▶ TASK REQUIREMENTS: Would you output all the lines below precisely as they stand, leaving each picture out?

▶ DATA EXCERPT:
──────

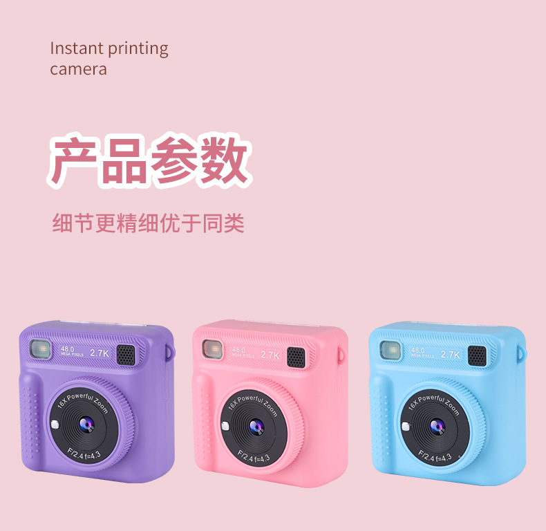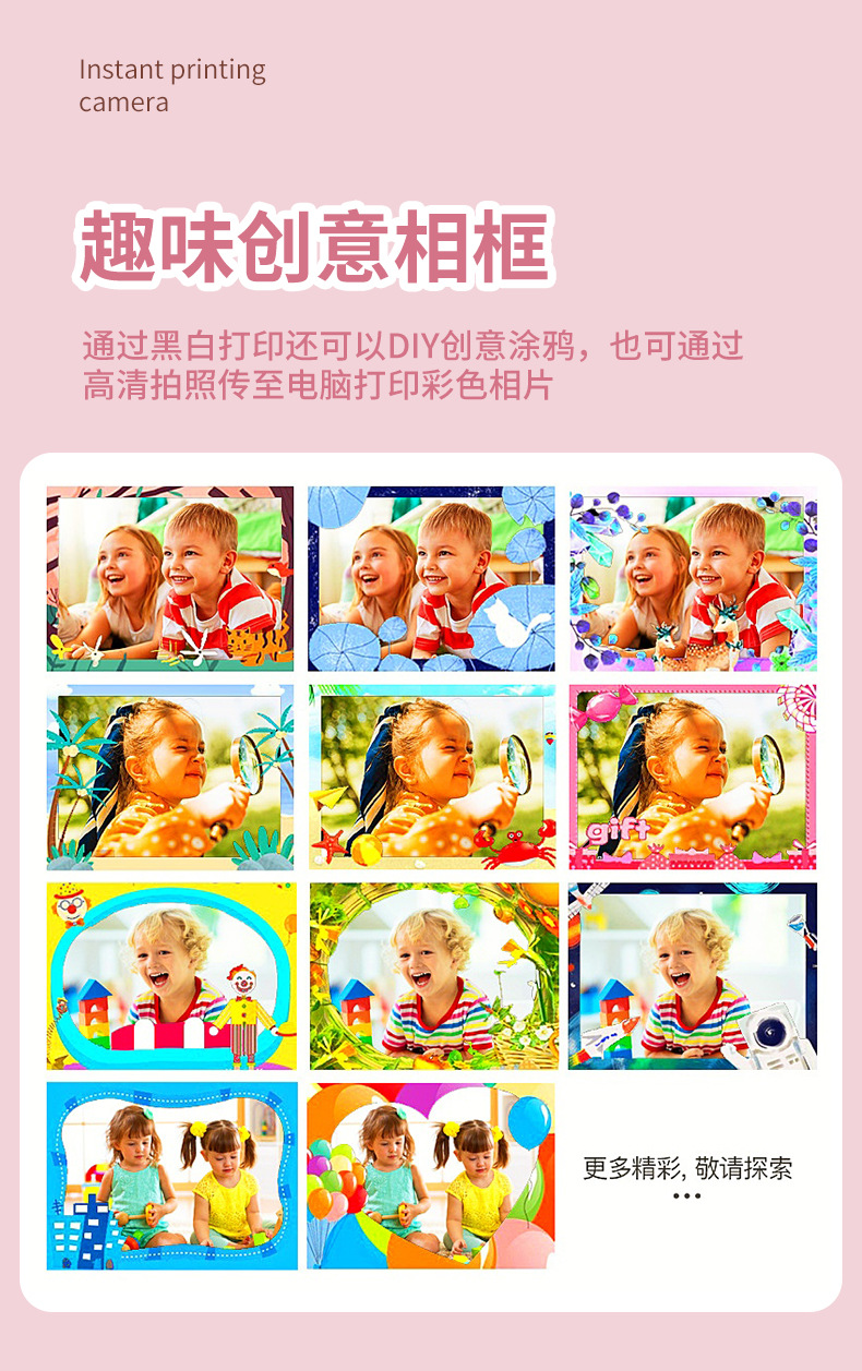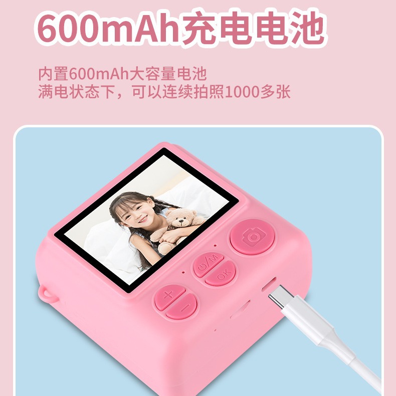 本产品儿童手机H12,主要特点是可以立拍立打印相片功能,大屏幕2.4寸,可以拍照,录像,大头贴变化,玩小游戏等功能,支持32G内存卡,配件有说明书,充电线,挂绳,天地盒子和打印纸。
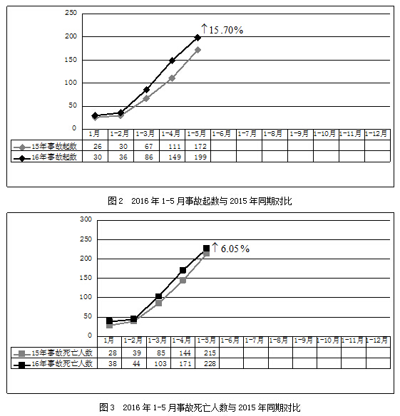 2016年1-5月,全国共发生房屋市政工程生产安全事故199起、死亡228人,比去年同期事故起数增加27起,死亡人数增加13人,同比分别上升15.70%和6.05%(见图2、图3)。
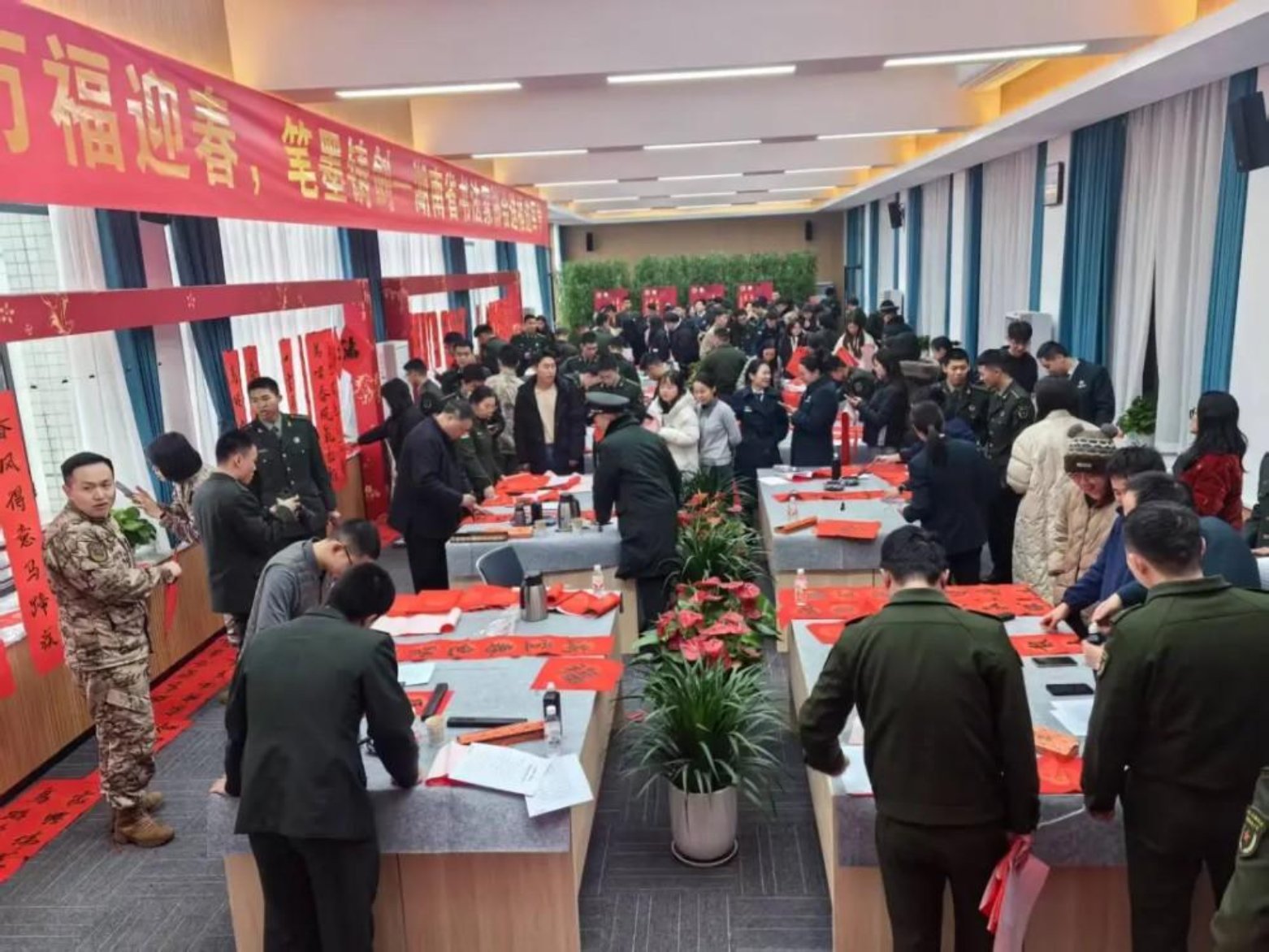 1月30日上午,“万福迎春·笔墨铸剑”活动在军政基础教育学院温情上线。湖南省书法家协会、学院政治工作处与笔剑雄风书法俱乐部联手,将文化关怀送到师生员工身边。鄢福初、李砺、崔向君等名家化身“文化使者”,挥毫泼墨间将祝福融入笔墨。这些红彤彤的春联与“福”字,既满足了贴春联迎新春的民俗需求,更让强军信念在笔墨间生根发芽。

──────

▶ ANSWER SPACE:
 本产品儿童手机H12,主要特点是可以立拍立打印相片功能,大屏幕2.4寸,可以拍照,录像,大头贴变化,玩小游戏等功能,支持32G内存卡,配件有说明书,充电线,挂绳,天地盒子和打印纸。
 2016年1-5月,全国共发生房屋市政工程生产安全事故199起、死亡228人,比去年同期事故起数增加27起,死亡人数增加13人,同比分别上升15.70%和6.05%(见图2、图3)。
 1月30日上午,“万福迎春·笔墨铸剑”活动在军政基础教育学院温情上线。湖南省书法家协会、学院政治工作处与笔剑雄风书法俱乐部联手,将文化关怀送到师生员工身边。鄢福初、李砺、崔向君等名家化身“文化使者”,挥毫泼墨间将祝福融入笔墨。这些红彤彤的春联与“福”字,既满足了贴春联迎新春的民俗需求,更让强军信念在笔墨间生根发芽。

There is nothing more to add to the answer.